For a first pass, it works remarkably well, and the times are record-breaking
Absolutely! My way of thought, I run all standard gens through upscalers and buckets anyway, so having this is very nice
These look very good. I suppose that is not a basic workflow?
It's a basic workflow, now I am applying upscale with SDXL Lightning, but those images are a batch of 6, with the basic flow
Cool. I will figure it out... This is a SDXL mix still with 4 steps
- sdxl upscale (x1.5)
😛
Sorry, rookie question. Do you feed the latent into a second ksampler, and that is connected to an SDXl model. How much denoise?
@high spear Thankyou so much. I'm trying on my own... But failing that's why I ask. See what is happening. Like its jiggeling the image...

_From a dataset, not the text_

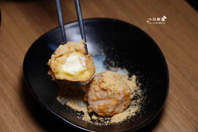 上餐時我們拍完有馬上吃一顆,裡面冰冰涼涼,像是冰淇淋包在裡面,好好吃喔

Reminds me of the random architecture in dreams and your brain will be like "this is completely normal"
Haha true : D
Still really cool though, I like that pic
Sometimes can't resist to break stuff, just love abstract high frequency stuff for a change to "normal" images
Yeah I feel you there, but I'm a big fan of surrealism and absurdism. Normal stuff is too boring
what are you doing at work today.......
must be bored hah
curse you Comfy and you're fun tool
DMD2 - 2688x1536 ~ fast
What model is this? so many objects and particles! epic! 👏
Which one of this did you download bro?
This is much more about the workflow than the model.
its nothing new, but still good. lightning merges are better imo and are similar speeds
finally managed to get inpainting to work with the new union promax controlnet. i guess it just wants the image to actually have black where it needs to be inpainted. also, it doesn't work with gradients, so no differential diffusion, but from my testing, it's right on par with it
but for real, it's pretty f'in rock solid in my limited testing so far
well follow what i did here or manually paint black in mspaint and import that
so far I do all my inpainting with SEGS detailer
which has the downsides of YOLO's limitations
it is too censored to know stormtrooper or gun/blaster/laser
the one drawback im seeing though for union promax vs differential diffusion(all i use, deleted all my inpaint models because they aren't needed with diff-diff) is that it's image only really and doesn't seem to operate with regular latent masking. so it will be great to taking already made images and inpainting, but if you're trying to do inpaints in latent space between ksamplers, it's useless, unless you want a bunch of vae artifacts from constantly encoding and decoding
didn't know people inpainted latents
thats the only real way to do it on complex workflows. encode->decode is a lossy process
if it's a presaved image, you only want to vae encode once. if you're generating the image from scratch and plan on inpainting, keep it in latent space and only decode at the very end
hmm yeah thanks
I am definitely losing too much quality
I also kinda learnt today that clownshark-style noise injections lower your quality a fair bit
for photorealistic
👋 .
Oh and another thing about what I said: you can still pull off vae decoded previews at various inpainting steps to see how it's going, but when going from ksampler to ksampler, you want to stay in latent space
There's a latent bridge node that works really well for doing previews and masking between stages, it saves you a lot of the hassle
Forget which common pack it's in
Probably impact or inspire or comfyroll, can't remember but I'll check
its ok i have seen that one before
👋 .
Is SDXL strictly for generating at a minimum of 1024, or can it do it lower resolutions just as effectively?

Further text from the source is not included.